What is the evening star pattern?
The evening star pattern is a chart formation formed over three sessions that signals an upcoming downtrend. It’s the exact opposite of a morning star – a long green stick, followed by a spinning top, and finally a red stick that acts as the beginning of a bearish reversal.
Spot an evening star with a doji instead of a spinning top in the middle? You’ve got a doji evening star, an even stronger signal of impending selling action.
Like in its bullish counterpart, the sentiment shift in an evening star is fairly clear:
- At the beginning of the pattern, the bulls have control, pushing the market higher
- The second period is much more even, as buyers cede control to sellers
- By the third candlestick, sellers have taken over
How to trade an evening star pattern
The process to trade an evening star, meanwhile, is again the opposite of a morning star.
- Verify that you have an evening star by checking that the third stick closes below the first’s midway point
- Confirm the pattern – watch for the beginning of a bear run, or growing volume
- Open a sell position, with a stop above the market’s high during the pattern and a limit at a recent support level
Ready to go? Practise spotting evening stars on City Index’s trading simulator – with £10,000 virtual funds and 12,000 live markets to trade.
Or if you’re ready to risk real capital, open your live account.
Morning and evening star pattern examples
Let’s say that EUR/GBP drops to 0.8504 during a long downtrend. Then, in the next session, it plummets a further 60 points to 0.8444.

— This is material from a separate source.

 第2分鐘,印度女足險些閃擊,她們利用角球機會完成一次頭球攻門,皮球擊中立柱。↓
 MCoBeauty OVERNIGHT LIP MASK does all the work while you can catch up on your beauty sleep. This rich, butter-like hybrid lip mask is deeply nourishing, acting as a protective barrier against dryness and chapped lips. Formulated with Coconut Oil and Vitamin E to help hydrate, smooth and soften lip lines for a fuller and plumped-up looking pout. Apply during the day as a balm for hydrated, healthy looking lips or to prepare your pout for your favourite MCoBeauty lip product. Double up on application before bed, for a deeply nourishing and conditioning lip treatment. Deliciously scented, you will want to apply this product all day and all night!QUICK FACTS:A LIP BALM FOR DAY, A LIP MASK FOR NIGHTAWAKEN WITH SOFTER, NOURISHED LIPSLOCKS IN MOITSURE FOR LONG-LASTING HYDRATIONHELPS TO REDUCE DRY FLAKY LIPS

In the next period, though, the fall is arrested, and despite some volatility the pair ends the session at 0.8446. Then it begins to move upward, with a final third candlestick that closes at 0.8580.

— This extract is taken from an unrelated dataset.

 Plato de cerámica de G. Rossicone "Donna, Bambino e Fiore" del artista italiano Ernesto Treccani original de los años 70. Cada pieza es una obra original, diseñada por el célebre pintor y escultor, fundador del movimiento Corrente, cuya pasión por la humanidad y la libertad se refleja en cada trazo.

We’ve just witnessed a doji morning star. Notice that the open and close prices of candlestick two are almost equal, and the pattern ends more than halfway up the red stick that kicked it off? This should be a strong signal of an impending upward move.
In an evening star, meanwhile, gold might rise to a high of 1850, climbing 50 points in a single session at the crest of the bull market. The next candle here could be a shooting star: with the precious metal still climbing, but only gaining eight points after a major tussle between buyers and sellers.
Then in candlestick three, we have a dramatic fall, erasing more than half of the gains posted two sessions earlier. The market has reversed, and bear run is now on the cards.